Sometimes a memory leak can cause temporary overcommitment - it's a good idea to look into that. 有时内存泄漏可能导致暂时的过度使用 - 这是一个好主意。 Try plotting the memory use of your program over time - if it rises continuously, then it may well be a leak. 尝试绘制程序的内存使用情况 - 如果它连续上升,那么很可能是泄漏。

Note that fork ing a process creates a copy that shares the memory the original allocated - until both are closed or one of them 'exec's. 请注意, fork进程会创建一个副本,该副本共享原始分配的内存 - 直到两者都关闭或其中一个'exec'。 But you aren't doing that. 但你不是那样做的。

Is it valid to be looking at top and free for the memory statistics, ie do they accurately describe the memory situation? 查看内存统计数据是否有效,是否有效,即它们是否准确描述了内存情况? They do seem to correspond to the slowness of the program. 它们似乎与程序的缓慢程度相符。


Yes, top and ps are perfectly reasonable ways to look at memory, in particular observe the RES field. 是的, topps是查看内存的完美合理方式,特别是观察RES字段。 Ignore the VIRT field for now. 暂时忽略VIRT字段。 In addition: 此外:

To see what the whole system is doing with memory, run: 要查看整个系统对内存的作用,请运行:

vmstat 10

While your program is running and for a while after. 当你的程序运行一段时间后。 Look at what happens to the ---memory--- columns. 看看---memory---列会发生什么。

In addition, after your process has finished, run 此外,在您的过程完成后,运行

cat /proc/meminfo

And post the results in your question. 并将结果发布在您的问题中。

If the program only shows a 4% memory usage, will something like valgrind find this problem? 如果程序只显示4%的内存使用量,valgrind会发现这个问题吗?

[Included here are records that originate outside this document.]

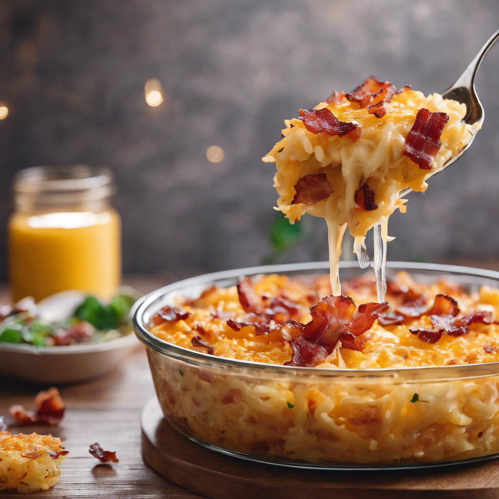 Cheesy Hashbrown Casserole with crispy bacon topping has a rich history rooted in American comfort food. This beloved dish gained popularity in the Midwest, where it became a staple at potlucks and family gatherings. The creamy, cheesy hashbrown base is elevated by the addition of crispy bacon, adding a delightful crunch and savory flavor. Renowned chefs like Paula Deen and Ree Drummond have popularized their own versions of this classic casserole, incorporating their unique twists. Today, the best versions of this dish can be found in cozy diners and family-owned restaurants across the Midwest. The key to a perfect Cheesy Hashbrown Casserole lies in achieving the ideal balance of creamy, cheesy goodness and crispy, flavorful bacon. It's essential to use high-quality cheese and perfectly cooked bacon to elevate this dish to its full potential. For a delicious alternative, some chefs incorporate diced ham or sausage for a delightful variation on this timeless favorite.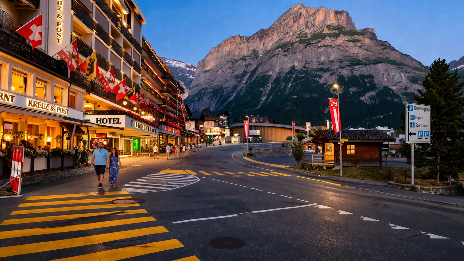 Grindelwald Switzerland evening walk alpine village (4K)
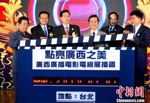 7月1日下午,“2010年桂台经贸文化合作论坛”系列活动之一的“广西广播电影电视展播周”,在台北市圆山大饭店举行启动仪式,中共广西壮族自治区委员会书记郭声琨参加启动仪式。期间将推出广西广播节目展播、广西电视节目展播,同时上映《寻找刘三姐》、《清水的故事》、《圆明园》三部影片。中新社发 宋吉河 摄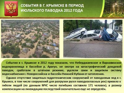 В подобной ситуации в любой момент могут оказаться многие населенные пункты РФ, расположенные в нижних бьефах ГТС и в поймах водных объектов, особенно города и поселения в предгорьях северного Кавказа, Алтая, Приморья и т.п.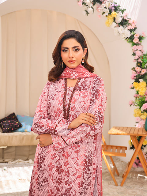 Presenting Serene Splash – an exquisite Swiss Lawn ensemble with a soft base, beautifully embellished with an all-over floral print. Complemented by a Pinkish floral lawn dupatta, this outfit embodies effortless elegance and timeless charm.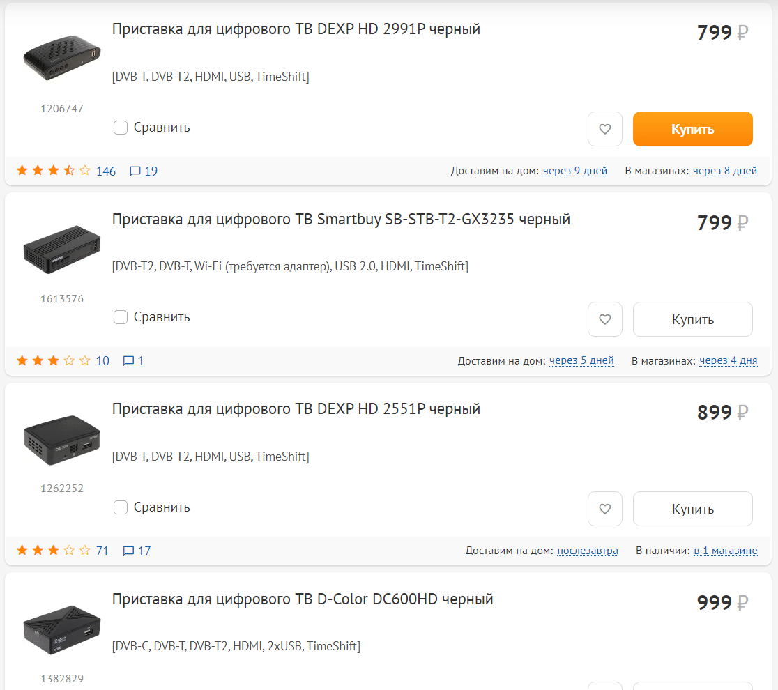 Цены на приставки достаточно доступные: самая дешевая в сетевом магазине техники будет стоить всего 800 рублей:

Probably, but it can be extremely slow, which might be impractical in this case. 可能,但它可能非常慢,在这种情况下可能是不切实际的。 There are plenty of other tools which can help such as electricfence and others which do not slw your program down noticeably. 还有很多其他工具可以帮助诸如电子设备和其他不会显着降低程序的工具。 I've even rolled my own in the past. 我过去甚至自己动手了。

malloc()/free() work on the heap. malloc()/ free()在堆上工作。 This memory is guaranteed to be released to the OS when the process terminates. 保证在进程终止时将此内存释放到操作系统。 It is possible to leak memory even after the allocating process terminates using certain shared memory primitives (eg System V IPC). 即使在使用某些共享存储器基元(例如,System V IPC)终止分配过程之后,也可能泄漏存储器。 However, I don't think any of this is directly relevant. 但是,我不认为这与任何直接相关。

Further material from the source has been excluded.